Paint scraper witha razor blade on the front. Works excellent at any temperature. unless your anal about a few little streeks


----------



## dbjc364 (Dec 1, 2008)

:bug: I dont clean the glass-ever! when its hot..never-never. It is not worth voiding the warranty or an accident. Jim and I have just a slightly different routine. I am home the most-so I do 3/4 of the cleanings.He always hauls the bags in & loads-as he has more muscles than me.But I do help him load pellets in the garage. If the sun is out-its perfect-   and I can shut the stove down for 4- 6 hrs.But I'm also learning that I lose some of that thermal storage heat thats built up in the house the colder it gets outside. Then its an easy clean. Even on the cloudy days- I still wait for the glass to cool good before cleaning the glass,otherwise its a quicker clean with the paint brush and scoop out ash with the metal spoon. Right now I have the oil to use up in the tank-so I really dont have to let the house cool down if I dont want-and thats set on 60*.In the future-it will be a propane back-up or wood stove. I use the special stove glass cleaner-then windex-dry it good, but am going to try some of these other suggestions also. For whatever miniscule heat radiants from the stove or pipe- we put a piece of radiant barrier behind the stove to reflect it back into the room. We hang the special tool-paint brush & a pair of scizzors from hooks right there-the rule is "they stay there", and a medium size ash bucket with lid,and the small shop vac hanging on its brackett-right nearby. We definitely want/will buy a real ash vac,as it makes us a bit nervous. We both put a handful of pellets in the burnpot for starting up procedure.


----------



## smaxell1 (Dec 1, 2008)

I get soot streaks on my window, but if I don't let it go more than a couple of days I have found that the thick baby wipes with a little stove glass cleaner squirted on them seem to work quite well. I usually take two, fold them several times, spritz a little of the cleaner on it - a few passes gets the worst of it off, and then I unfold the wipe a bit and refold it to a clean surface to finish the job. The only thing you have to be careful of is when you feel it start to get hot, get it off the glass. It only takes a couple of seconds to go from hot to steam burning your hand. I have done this a dozen times or so when the stove is running, and have yet to have a problem. 

---scott


----------



## Baston8005 (Dec 1, 2008)

With a Quadrafire mt Vernon stove, shut down is about 10 minutes.  Open the glass, scrape the pot, open ash slider to let ash out of burn pot.  Vac out fly ash in burn chamber and windex the glass...Total time....5 minutes at most.  Start up stove again and burn baby, burn.


----------



## sydney1963 (Dec 2, 2008)

Ok, I have the best solution, crumple up some newspaper or other catalogue pages you may have laying around the house.  Open the door of your stove, slowly, rub the glass.  Presto, clean as a whistle.  I was skeptical at first but it really works great.  I do it a couple of times a day, want to see the fire.


----------



## homebrewz (Dec 2, 2008)

I use a poly parts cleaning brush from any auto parts store. With the door open, the glass cools quickly enough so as not to melt the bristles.


----------



## Flammam (Dec 2, 2008)

My glass soots up after 24 hours. I only clean mine once a week when I vac out the ash.  I shut down on Sat morning early and usually can relight by 8:00am. Just keep pouring the pellets in all week as long as hot air is coming out the top I really don't need to see the fire to know its there.


----------



## 56 chevtruck (Dec 3, 2008)

my 2 cents:bottle of stove glass cleaner not that expensive and last a couple seasons i use that and a parts washer brush or razor blade on tuff black spots works for me. but i wount do it while hot.


----------



## jjmatte (Dec 3, 2008)

Baston8005 said:
			
		

> With a Quadrafire mt Vernon stove, shut down is about 10 minutes.  Open the glass, scrape the pot, open ash slider to let ash out of burn pot.  Vac out fly ash in burn chamber and windex the glass...Total time....5 minutes at most.  Start up stove again and burn baby, burn.

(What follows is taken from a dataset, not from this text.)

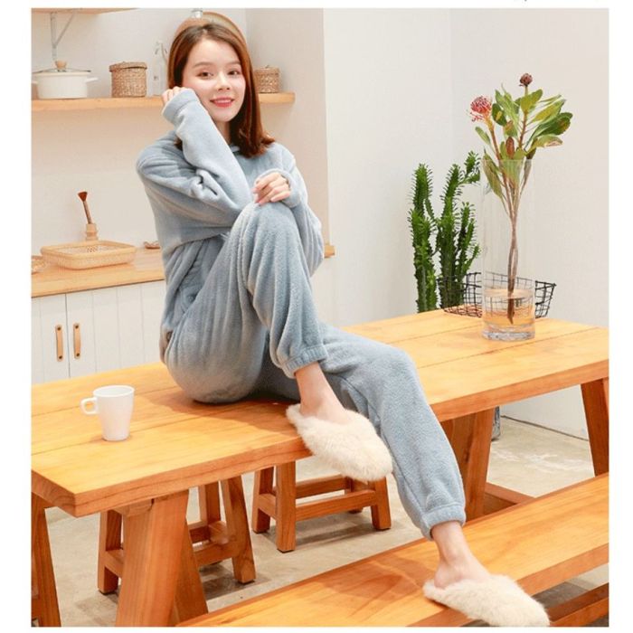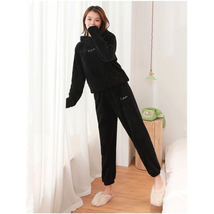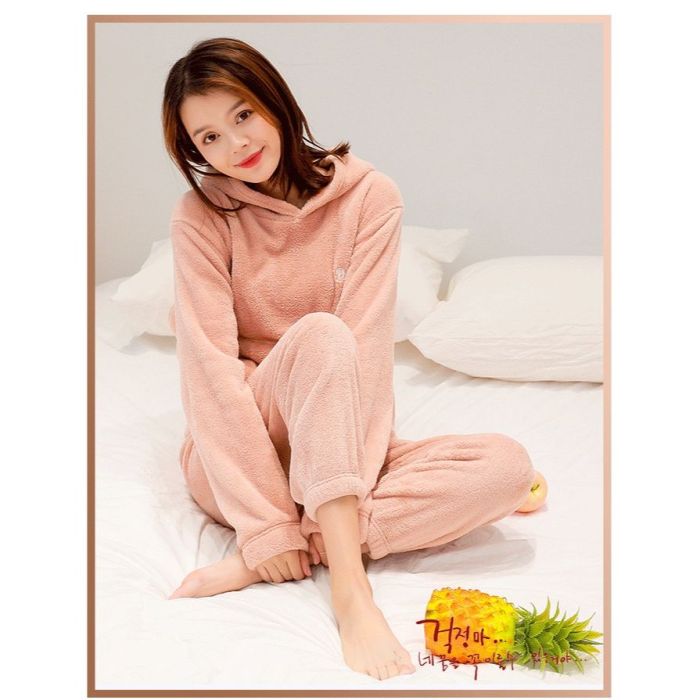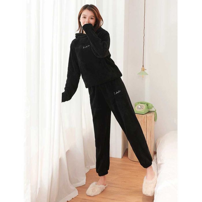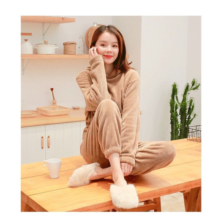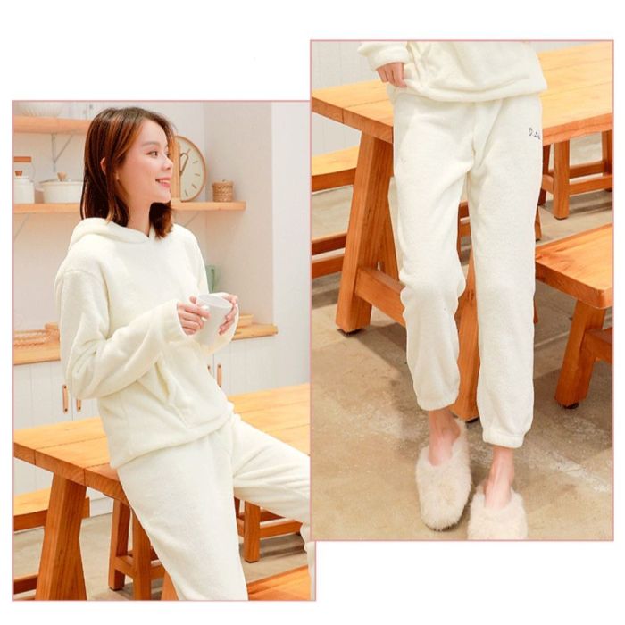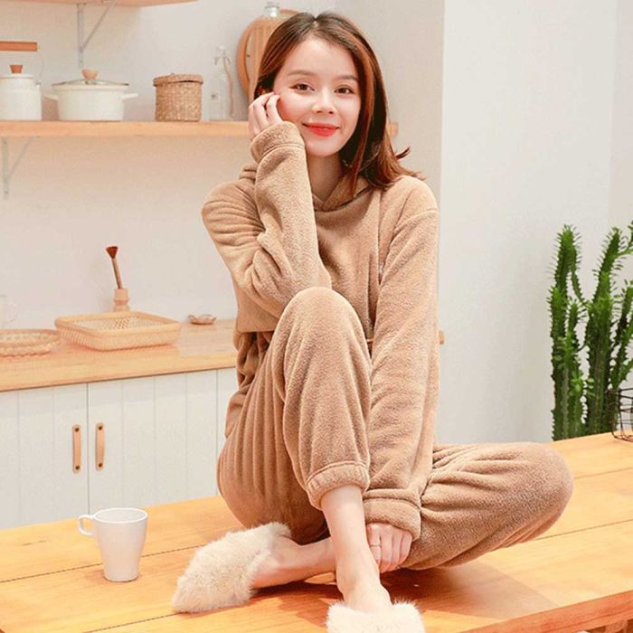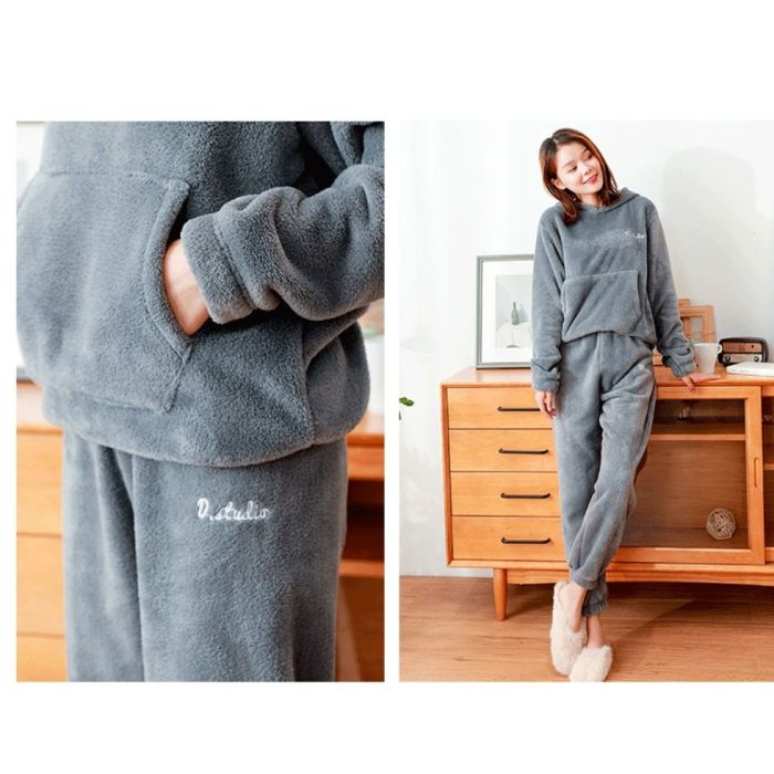 - طقم بيجامة شتوى بأكمام طويلة وغطاء راس للسيدات

I just had a Mt. Vernon installed last week and the install guy said not to use windex. That it will eventually never come clean.


----------



## dbjc364 (Dec 4, 2008)

If there is a good amount of soot on the glass- then the air ratio is not right. How I know this -- and being a new owner-is because when I get it right- I have no soot- when I don't- I get soot. If your only cleaning once a week- first of all your not getting the max amount of heat from your unit-I dont care what the dealer says- then you've got a build-up of ash behind the piece of metal {little shelf}in the front-where the rod is- if its built like mine.I think these dealers are playing it just a little too cool when trying to sell their product-leading people to believe that these are no to little maintenence,and thats what people want to hear. As far as I can tell-every stove is tempermental- and you have to bond with it, and get to know its quirks. My stove wouldnt put out for me if I only cleaned it once a week- and I dont blame it...
Many-many people dont even read their manuals-let alone comprehend them. And thats my .02. :roll:


----------